Louis Vauxcelles (/fr/; born Louis Meyer; 1 January 1870 – 21 July 1943) was a French art critic. He is credited with coining the terms Fauvism (1905) and Cubism (1908). He used several pseudonyms in various publications: Pinturrichio, Vasari, Coriolès, and Critias.

==Fauvism==
Vauxcelles was born in Paris. He coined the phrase 'les fauves' (translated as 'wild beasts') in a 1905 review of the Salon d'Automne exhibition to describe in a mocking, critical manner a circle of painters associated with Henri Matisse. As their paintings were exposed in the same room as a Donatello sculpture of which he approved, he stated his criticism and disapproval of their works by describing the sculpture as "a Donatello amongst the wild beasts."

Henri Matisse's Blue Nude (Souvenir de Biskra) appeared at the 1907 Indépendants, entitled Tableau no. III. Vauxcelles writes on the topic of Nu bleu:

I admit to not understanding. An ugly nude woman is stretched out upon grass of an opaque blue under the palm trees... This is an artistic effect tending toward the abstract that escapes me completely. (Vauxcelles, Gil Blas, 20 March 1907)

Vauxcelles described the group of 'Fauves':

A movement I consider dangerous (despite the great sympathy I have for its perpetrators) is taking shape among a small clan of youngsters. A chapel has been established, two haughty priests officiating. MM Derain and Matisse; a few dozen innocent catechumens have received their baptism. Their dogma amounts to a wavering schematicism that proscribes modeling and volumes in the name of I-don't-know-what pictorial abstraction. This new religion hardly appeals to me.
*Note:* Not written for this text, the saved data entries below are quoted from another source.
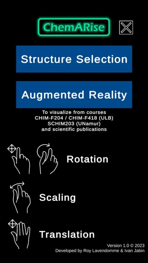 ChemARise contains a library of chemical structures that can be visualized in 3D and interacted with to apply rotation, translation and scaling.
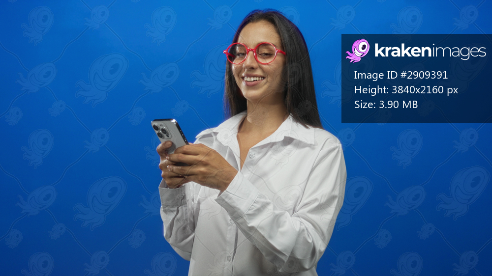 Woman smiling and typing on smartphone with hands visible, wearing red glasses and white shirt in studio; happiness connection.
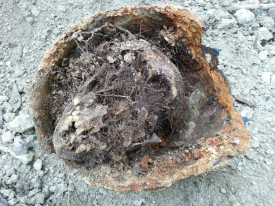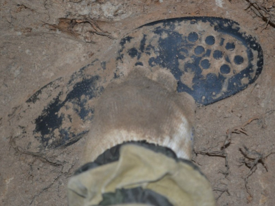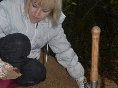 Второй Бросок прошел по следам первого. Два дня отряд большой командой работал в том же леске, что и на прошлых выходных. Выезд был "мокрым", казалось, на протяжении двух дней дождь не утихал ни минуты. Все было напитано влагой. Правда, сухая иссохшая за лето земля не спешила ее принять. Поэтому копать было по-прежнему легко и удобно. В этот раз мы больше часа бродили по знакомому лесу - никому не удавалось зацепиться. А потом у всех как-то одновременно пошла работа. Сначала Женя Нечаев "зацепил" двух солдат в воронке на грнице леса и поля. Потом Андрей Фолманис нашел верхового бойца на бруствере сомнительной траншеи.
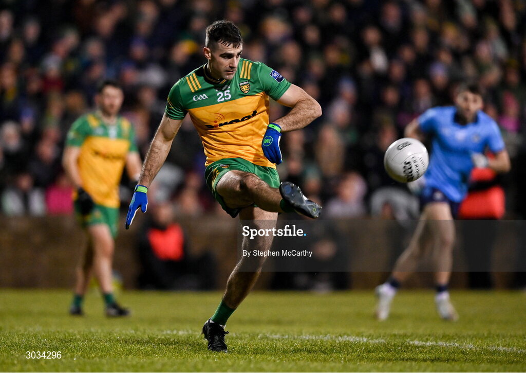 1 February 2025; Caolan McGonagle of Donegal during the Allianz Football League Division 1 match between Donegal and Dublin at MacCumhaill Park in Ballybofey, Donegal. Photo by Stephen McCarthy/Sportsfile
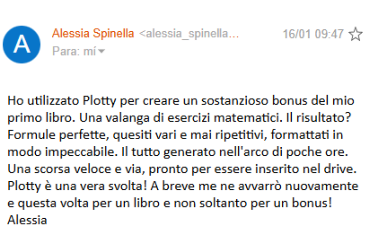 I used Plotty to create a substantial bonus for my first book. An avalanche of mathematical exercises. The result? Perfect...

I don't believe in this Renaissance... M. Matisse, fauve-in-chief; M. Derain, fauve deputy; MM. Othon Friesz and Dufy, fauves in attendance... and M. Delaunay (a fourteen-year-old-pupil of M. Metzinger...), infantile fauvelet. (Vauxcelles, Gil Blas, 20 March 1907).

==Cubism==
In 1906 Jean Metzinger formed a close friendship with Robert Delaunay, with whom he would share an exhibition at Berthe Weill's gallery early in 1907. The two of them were singled out by Vauxcelles in 1907 as Divisionists who used large, mosaic-like 'cubes' to construct small but highly symbolic compositions.
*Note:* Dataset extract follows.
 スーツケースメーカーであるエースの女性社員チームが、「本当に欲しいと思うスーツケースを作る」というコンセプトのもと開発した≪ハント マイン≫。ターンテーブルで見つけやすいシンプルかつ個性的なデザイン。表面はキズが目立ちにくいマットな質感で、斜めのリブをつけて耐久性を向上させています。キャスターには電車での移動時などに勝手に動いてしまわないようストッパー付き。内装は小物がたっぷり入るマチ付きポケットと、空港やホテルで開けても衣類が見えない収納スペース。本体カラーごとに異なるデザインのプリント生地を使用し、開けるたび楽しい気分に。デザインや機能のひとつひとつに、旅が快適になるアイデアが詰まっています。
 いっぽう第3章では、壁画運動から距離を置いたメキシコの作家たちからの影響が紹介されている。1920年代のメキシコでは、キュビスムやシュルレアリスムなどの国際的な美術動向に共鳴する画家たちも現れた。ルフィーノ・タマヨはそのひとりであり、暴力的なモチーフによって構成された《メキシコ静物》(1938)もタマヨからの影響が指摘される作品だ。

In 1908, Vauxcelles again, in his review of Georges Braque's exhibition at Kahnweiler's gallery called Braque a daring man who despises form, "reducing everything, places and a figures and houses, to geometric schemas, to cubes".

Vauxcelles recounts how Matisse told him at the time, "Braque has just sent in [to the 1908 Salon d'Automne] a painting made of little cubes". The critic Charles Morice relayed Matisse's words and spoke of Braque's little cubes. The motif of the viaduct at l'Estaque had inspired Braque to produce three paintings marked by the simplification of form and deconstruction of perspective.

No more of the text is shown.